I'm working on simple Haskell programme that fetches a JSON string from a server, parses it, and does something with the data. The specifics are not really pertinent for the moment, the trouble I'm having is with parsing the JSON that is returned.
我正在研究简单的Haskell程序,该程序从服务器获取JSON字符串,解析它,并对数据执行某些操作。目前的细节并不是真正相关,我遇到的麻烦是解析返回的JSON。
I get the JSON string back from the server as an IO String type and can't seem to figure out how to parse that to a JSON object.
我从服务器返回JSON字符串作为IO String类型,似乎无法弄清楚如何将其解析为JSON对象。
Any help would be much appreciated :)
任何帮助将非常感激 :)
Here is my code thus far.
到目前为止,这是我的代码。
import Data.Aeson
import Network.HTTP
main = do
src <- openURL "http://www.reddit.com/user/chrissalij/about.json"
-- Json parsing code goes here
openURL url = getResponseBody =<< simpleHTTP (getRequest url)

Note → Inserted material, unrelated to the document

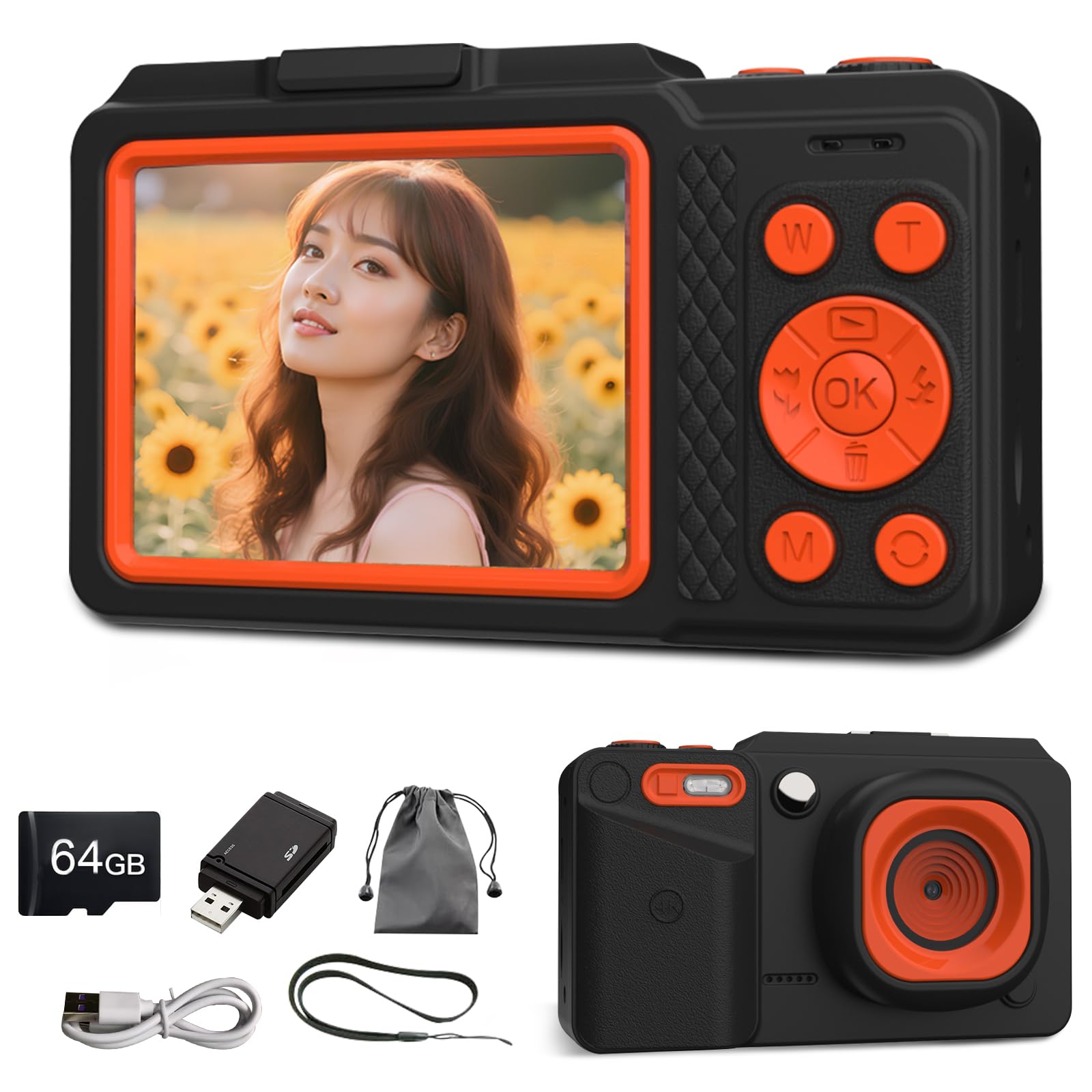 * 「7200万画素の超高解像度」本デジカメはSONY CMOSセンサーを採用。業界トップクラスの7200万画素で、繊細な質感と自然な色味を忠実に再現します。鮮やかな写真・動画を簡単に撮影いただけます。64GBの高速メモリーカード付属で、ストレージ容量を気にすることなく、美しい作品作りを存分にお楽しみいただけます。
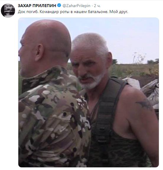 На Донбассе в зоне проведения ООС ликвидировали террориста "ДНР", друга Прилепина по прозвищу Док. Об этом в своем блоге сообщил сам писатель-боевик, передает "Диалог.UA".

Note: I'm using Data.Aeson in the example as that is what seems to be recommended, however I'd be more than willing to use another library.
注意:我在示例中使用的是Data.Aeson,因为这似乎是推荐的,但是我更愿意使用另一个库。

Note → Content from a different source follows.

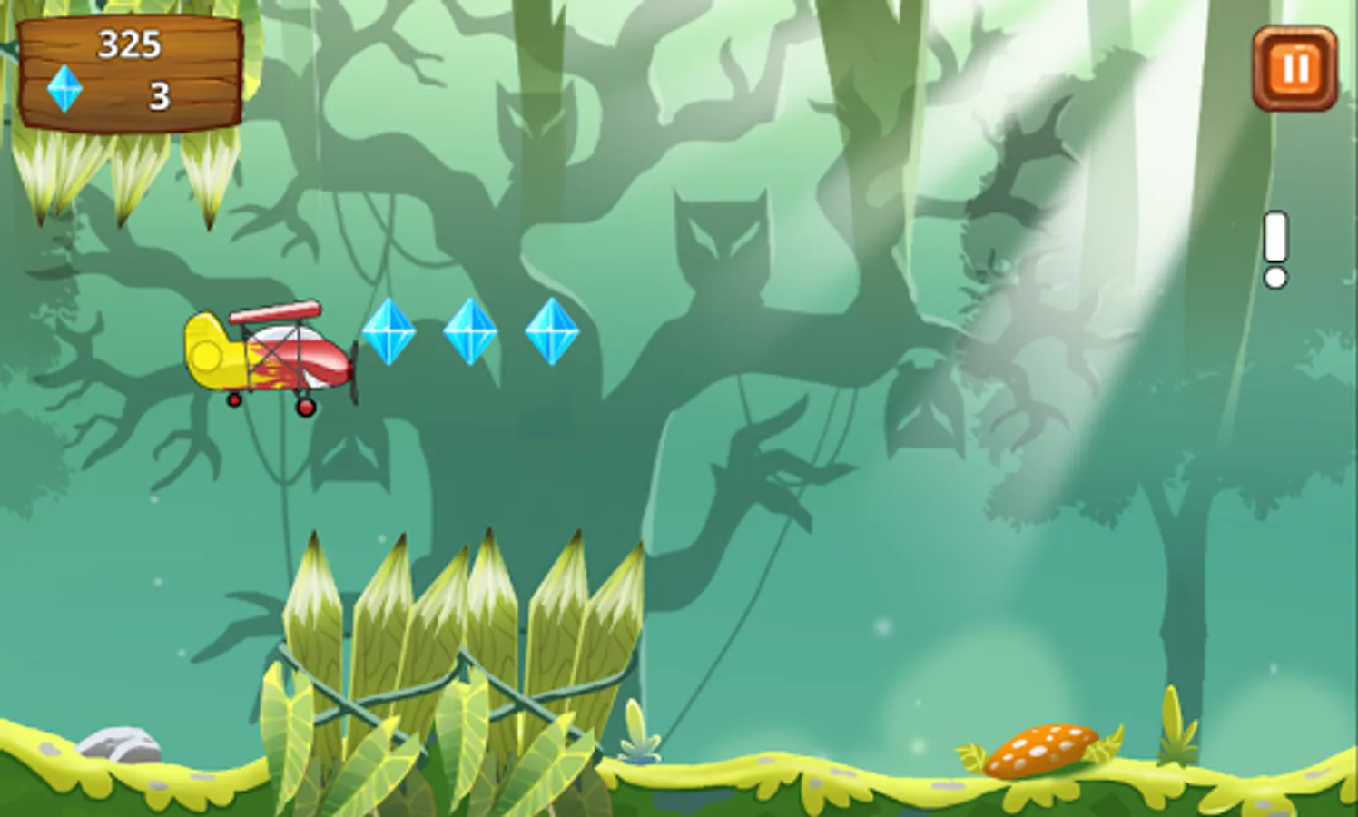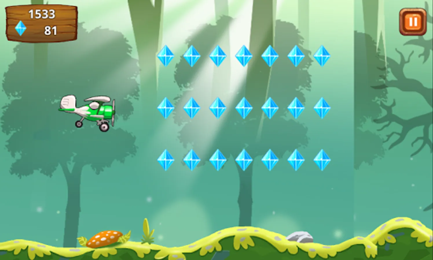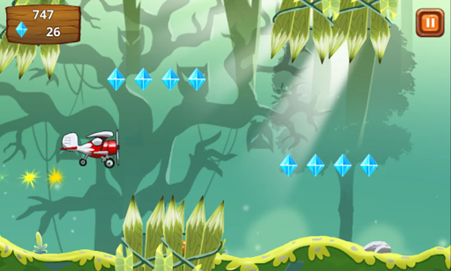 Fly your plane through the jungle, tap your screen to control your movement, avoid crashing and collect more coins and stars as fast as you can.

Also any and all of this code can be changed. If getting the
此外,任何和所有代码都可以更改。如果得到了
1 个解决方案
#1
10
Data.Aeson is designed to be used with Attoparsec, so it only gives you a Parser that you must then use with Attoparsec. Also, Attoparsec prefers to work on ByteString, so you have to alter the way the request is made slightly to get a ByteString result instead of a String.

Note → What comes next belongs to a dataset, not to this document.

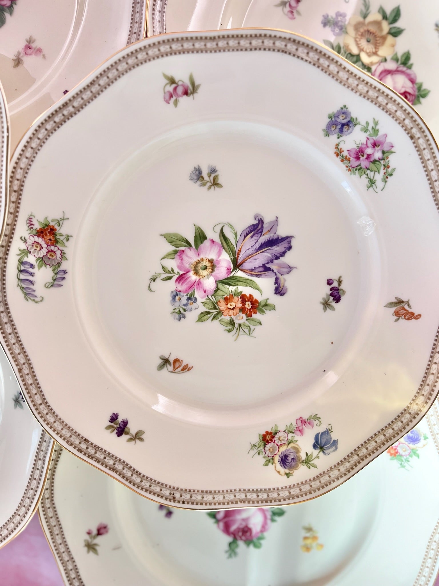Superbe lot de 9 assiettes plates modèle Carlsbad en porcelaine, au charme raffiné et délicatement vintage.

Data.Aeson旨在与Attoparsec一起使用,因此它只为您提供一个Parser,然后您必须使用Attoparsec。此外,Attoparsec更喜欢使用ByteString,因此您必须稍微改变请求的方式以获取ByteString结果而不是String。
This seems to work:
这似乎有效:
import Data.Aeson
import Data.Attoparsec
import Data.ByteString
import Data.Maybe
import Network.HTTP
import Network.URI
main = do
src <- openURL "http://www.reddit.com/user/chrissalij/about.json"
print $ parse json src
openURL :: String -> IO ByteString
openURL url = getResponseBody =<< simpleHTTP (mkRequest GET (fromJust $ parseURI url))
Here I've just parsed the JSON as a plain Value, but you'll probably want to create your own data type and write a FromJSON instance for it to handle the conversion neatly.
在这里,我刚刚将JSON解析为普通值,但您可能希望创建自己的数据类型并为其编写FromJSON实例以便整齐地处理转换。
#1
10
Data.Aeson is designed to be used with Attoparsec, so it only gives you a Parser that you must then use with Attoparsec. Also, Attoparsec prefers to work on ByteString, so you have to alter the way the request is made slightly to get a ByteString result instead of a String.
Data.Aeson旨在与Attoparsec一起使用,因此它只为您提供一个Parser,然后您必须使用Attoparsec。此外,Attoparsec更喜欢使用ByteString,因此您必须稍微改变请求的方式以获取ByteString结果而不是String。
This seems to work:
这似乎有效:
import Data.Aeson
import Data.Attoparsec
import Data.ByteString
import Data.Maybe
import Network.HTTP
import Network.URI
main = do
src <- openURL "http://www.reddit.com/user/chrissalij/about.json"
print $ parse json src
openURL :: String -> IO ByteString
openURL url = getResponseBody =<< simpleHTTP (mkRequest GET (fromJust $ parseURI url))
Here I've just parsed the JSON as a plain Value, but you'll probably want to create your own data type and write a FromJSON instance for it to handle the conversion neatly.
在这里,我刚刚将JSON解析为普通值,但您可能希望创建自己的数据类型并为其编写FromJSON实例以便整齐地处理转换。